Determination of the factors impacting burden and grief

We considered factors impacting burden that have been reviewed in the literature: parental emotional distress (depression, anxiety); age of patient; age of AN onset; AN duration; gender; AN subtype [7, 10, 17, 19, 22]. Factors impacting grief were determined according to the existing literature on other psychiatric disorders: parental emotional distress (depression, anxiety) and illness severity (nutritional status by means of current BMI and minimum lifetime BMI, EDE-Q total score and MR-GOAS) [30, 33]. All these factors were taken into account for both burden and grief; for parental emotional distress, we added alexithymia.

Data analysis

Descriptive data are provided as means (M) and standard deviations (SD) for continuous variables or counts (n) and percentages (frequencies) for categorical variables. Between group comparisons for mothers’ and fathers’ data (ECI-Burden; MIV-Grief; HADS-anxiety; BDI; BVAQ) were computed using paired t tests for continuous variables.

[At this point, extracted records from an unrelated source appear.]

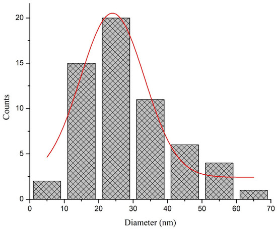The TEM micrographs of biosynthesized silver nanoparticles showed round and spherical-shaped silver nanoparticles (Figure 5). The size of the synthesized nanoparticles ranged from 20 to 60 nm, with an average size of 24 nm. The TEM images showed aggregates of particles; however, these were not in direct contact. Moreover, the SAED pattern records Bragg reflection rings equivalent to the crystalline nature of silver nanoparticles. The size distribution histogram is presented in Figure 6.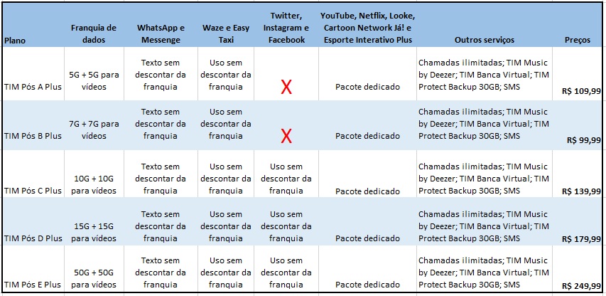 As ofertas estão liberadas para todos os DDDs de todos os estados. Veja na tabela abaixo como o uso ilimitado dos aplicativos ficou distribuído nos planos pós-pago da operadora.
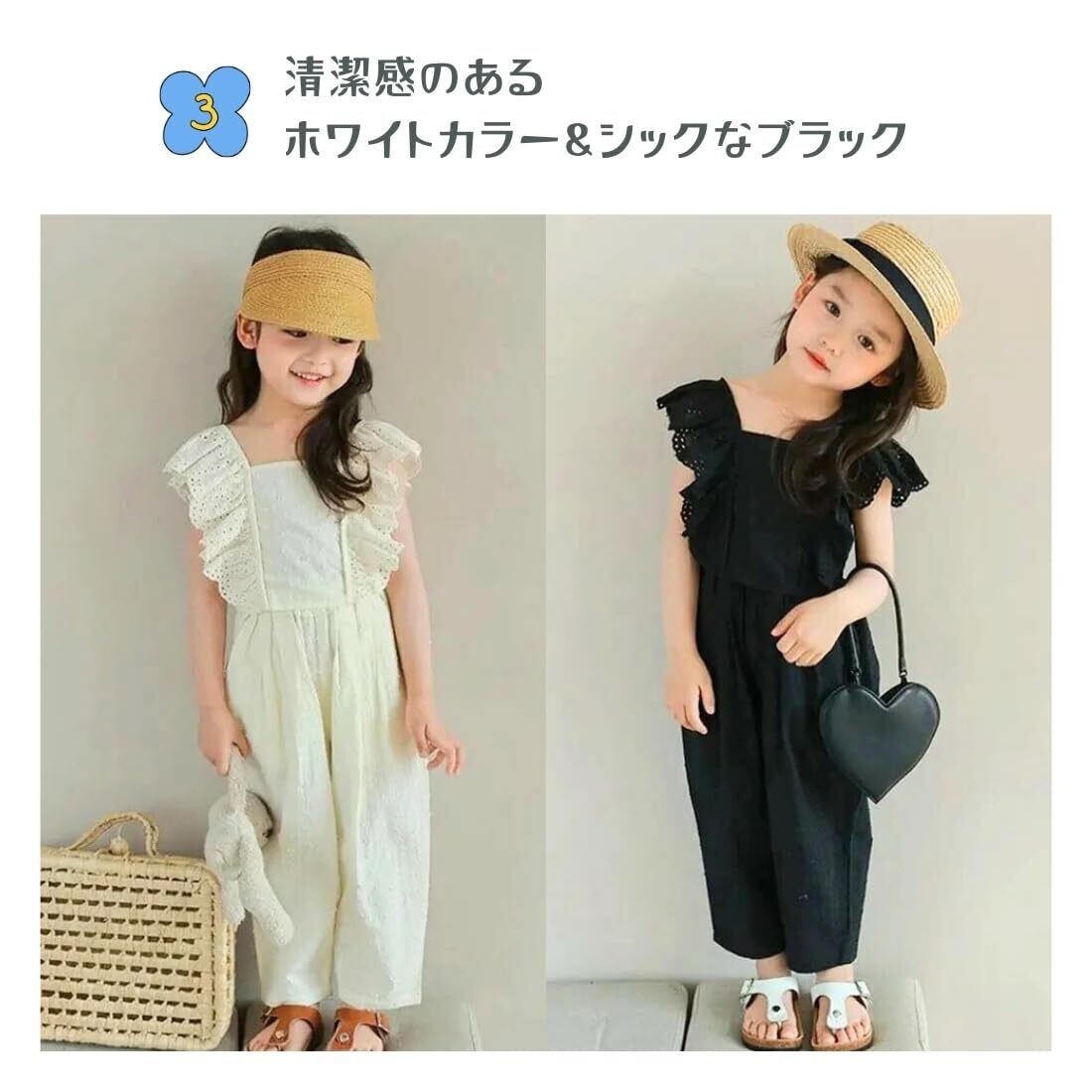 【清潔感のあるホワイトカラー&シックなブラック】オーソドックスなホワイトとブラックのカラーバリエーションはそれだけ合うシチュエーションが多いということ。お揃いのコーディネートも楽しめます。

Univariate analyses were performed to examine the contribution of child and parent variables to burden and grief, using R’s correlations for continuous variables (ECI-Burden; MIV-Grief; HADS-anxiety; BDI; BVAQ; MR-GOAS; illness duration), or t test for qualitative variables (type of eating disorder: AN restrictive type (AN-R) and binge-eating/purging type (AN-BP).

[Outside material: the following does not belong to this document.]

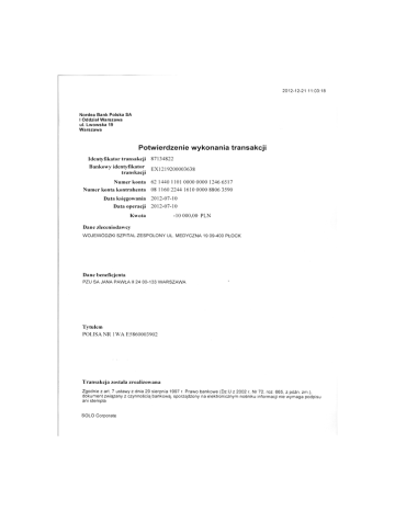 2012-12-21 11:03:18 Nordea Bank Polska SA I Oddział Warszawa ul. L w o w s k a 19 Warszawa Potwierdzenie wykonania transakcji Identyfikator transakcji Bankowy identyfikator transkacji 87134822 E X 1219200003638 Numer konta 62 1440 1101 0000 0000 1246 6517 Numer konta kontrahenta 08 1160 2244 1610 0000 8806 3590 Data księgowania 2012-07-10 Data operacji 2012-07-10 Kwota -10 000,00 PLN Dane zleceniodawcy WOJEWÓDZKI SZPITAL ZESPOLONY UL. MEDYCZNA 19 09-400 PŁOCK Dane beneficjenta PZU SA JANA PAWŁA II 24 00-133 W A R S Z A W A Tytułem POLISA NR IWA E5860003902 Transakcja została zrealizowana Zgodnie z art. 7 ustawy z dnia 29 sierpnia 1997 r. Prawo bankowe (Dz.U z 2002 r, Nr 72, roz. 665, z późn. zm.), dokument związany z czynnością bankową sporządzony na elektronicznym nośniku informacji nie wymaga podpisu ani stempla SOLO Corporate Strona 1 z 1 Bank Pekao SA ul. Grzybowska 53/57 00-950 Warszawa Potwierdzenie wykonanej operacji Dane właściciela rachunku Nazwa właściciela W O J E W O D Z K I SZPITAL ZESPOLONY Adres właściciela UL. M E D Y C Z N A 19, 09-400 PŁOCK Rachunek właściciela 33 1240 3174 1111 0000 2890 0083 Dane kontrahenta/zleceniodawcy Nazwa PZU SA Adres JANA PAWŁA II 24 00-133 W A R S Z A W A Rachunek PL08 1160 2244 1610 0000 8806 3590 Szczegóły operacji Data waluty 10.05.2012 Data księgowania 10.05.2012 06:49:17 Kwota -10 000,00 PLN Tytuł operacji POLISA NR I W A E586 0003 902 Typ operacji Obciążenie Kod operacji 6410 Opis kodu operacji PRZELEW MIĘDZYBANKOWY BETA/INTEGRA Sygnatura Referencje Klienta NONREF Referencje banku 4310510987330775 Informacje dodatkowe Referencje zleceniodawcy Data wystawienia dokumentu: 21.12.2012, 10:59:31 W rozliczeniach transgranicznych należy używać numeru rachunku IBAN oraz kodu BIC. Numer IBAN tego rachunku: P L 3 3 1 2 4 0 3 1 7 4 1 1 1 1 0 0 0 0 2 8 9 0 0 0 8 3 ; kod BIC Banku Pekao SA: PKOPPLPW. Bank Polska Kasa Opieki Spółka Akcyjna z siedzibą w Warszawie, ul. Grzybowska 53/57 wpisany pod n u m e r e m KRS: 0000014843 do Rejestru Przedsiębiorców, prowadzonego przez Sąd Rejonowy dla m. st. Warszawy, XII Wydział Gospodarczy Krajowego Rejestru Sądowego; NIP: 526-00-06-841; wysokość kapitału zakładowego i kapitału wpłaconego: 262.462.214 złotych, według stanu na dzień 14 grudnia 2012 r. Dokument sporządzony elektronicznie na podstawie Art. 7 ust. 1 i 2 Ustawy Prawo bankowe, Art. 60 kc, Art. 20 ust. 2 i 5 Ustawy o rachunkowości. Nie w y m a g a stempla i podpisu. https://www.pekaobiznes24.pl/webcorpo/do/operationHistory 2012-12-21 Strona 1 z 1 Bank Pekao SA Bank Pekao SA ul. Grzybowska 53/57 00-950 Warszawa Potwierdzenie wykonanej operacji Dane właściciela rachunku Nazwa właściciela W O J E W O D Z K I SZPITAL ZESPOLONY Adres właściciela UL. M E D Y C Z N A 19, 09-400 PŁOCK Rachunek właściciela 33 1240 3174 1111 0000 2890 0083 Dane kontrahenta/zleceniodawcy Nazwa PZU SA Adres JANA PAWŁA II 24 00-133 W A R S Z A W A Rachunek PL08 1160 2244 1610 0000 8806 3590 Szczegóły operacji Data waluty 09.03.2012 Data księgowania 09.03.2012 08:17:48 Kwota -10 000,00 PLN Tytuł operacji POLISA NR I W A E586 0003 902 Typ operacji Obciążenie Kod operacji 6410 Opis kodu operacji PRZELEW M I Ę D Z Y B A N K O W Y BETA/INTEGRA Sygnatura Referencje Klienta NONREF Referencje banku 4310309987580915 Informacje dodatkowe Referencje zleceniodawcy Data wystawienia dokumentu: 21.12.2012, 10:59:54 W rozliczeniach transgranicznych należy używać numeru rachunku IBAN oraz kodu BIC. Numer IBAN tego rachunku: P L 3 3 1 2 4 0 3 1 7 4 1 1 1 1 0 0 0 0 2 8 9 0 0 0 8 3 ; kod BIC Banku Pekao SA: PKOPPLPW. Bank Polska Kasa Opieki Spółka Akcyjna z siedzibą w Warszawie, ul. Grzybowska 53/57 wpisany pod n u m e r e m KRS: 0000014843 do Rejestru Przedsiębiorców, prowadzonego przez Sąd Rejonowy dla m. st. Warszawy, XII Wydział Gospodarczy Krajowego Rejestru Sądowego; NIP: 526-00-06-841; wysokość kapitału zakładowego i kapitału wpłaconego: 262.462.214 złotych, według stanu na dzień 14 grudnia 2012 r. Dokument sporządzony elektronicznie na podstawie Art. 7 ust. 1 i 2 Ustawy Prawo bankowe, Art. 60 kc, Art. 20 ust. 2 i 5 Ustawy o rachunkowości. Nie w y m a g a stempla i podpisu. https://www.pekaobiznes24.pl/webcorpo/do/operationHistory 2012-12-21 Strona 1 z 1 Bank Pekao SA Bank Pekao SA ul. G r z y b o w s k a 53/57 00-950 Warszawa Potwierdzenie wykonanej operacji Dane właściciela rachunku N a z w a Właściciela W O J E W Ó D Z K I SZPITAL ZESPOLONY A d r e s właściciela UL. M E D Y C Z N A 19, 0 9 - 4 0 0 P Ł O C K R a c h u n e k właściciela 33 1240 3174 1111 0000 2890 0083 Dane kontrahenta/zleceniodawcy Nazwa PZU SA Adres J A N A P A W Ł A II 24 0 0 - 1 3 3 W A R S Z A W A Rachunek PL08 1160 2244 1610 0000 8806 3590 Szczegóły operacji Data waluty 10.07.2012 Data księgowania 10.07.2012 08:31:30 Kwota -10 000,00 PLN Tytuł operacji POLISA NR I W A E586 0003 902 T y p operacji Obciążenie Kod operacji 7750 Opis kodu operaq'i PRZELEW INTERNET M/B Sygnatura Referencje Klienta NONREF Referencje banku 4310710608700608 Informacje d o d a t k o w e Referencje z l e c e n i o d a w c y Data w y s t a w i e n i a d o k u m e n t u : 2 1 . 1 2 . 2 0 1 2 , 1 0 : 5 8 : 1 8 W rozliczeniach t r a n s g r a n i c z n y c h należy u ż y w a ć n u m e r u r a c h u n k u I B A N o r a z kodu BIC. N u m e r I B A N t e g o r a c h u n k u : P L 3 3 1 2 4 0 3 1 7 4 1 1 1 1 0 0 0 0 2 8 9 0 0 0 8 3 ; k o d BIC B a n k u P e k a o S A : P K O P P L P W . B a n k Polska K a s a O p i e k i S p ó ł k a A k c y j n a z s i e d z i b ą w W a r s z a w i e , ul. G r z y b o w s k a 5 3 / 5 7 w p i s a n y p o d n u m e r e m K R S : 0 0 0 0 0 1 4 8 4 3 d o Rejestru P r z e d s i ę b i o r c ó w , p r o w a d z o n e g o p r z e z S ą d R e j o n o w y dla m. st. W a r s z a w y , XII W y d z i a ł G o s p o d a r c z y K r a j o w e g o R e j e s t r u S ą d o w e g o ; NIP: 5 2 6 - 0 0 - 0 6 - 8 4 1 ; w y s

Multivariate linear regressions were then performed with those variables that exhibited a significant link on the univariate analysis (95% CI = 95% Confidence Interval; R2 Nagelkerke).

Multivariate linear regression was then performed to examine the contribution of children’s (global clinical state and duration of AN) and parents’ variables (depression, anxiety, alexithymia) selected through the univariate analysis (p-value < 0.1), first to burden (model 1) and then to grief (model 2). Finally, a third model was performed to test the link between burden and grief, taking into account potential contributions identified in models 1 and 2. Multivariate linear regression results are presented as R2 and for each model and β and p-value for each variable.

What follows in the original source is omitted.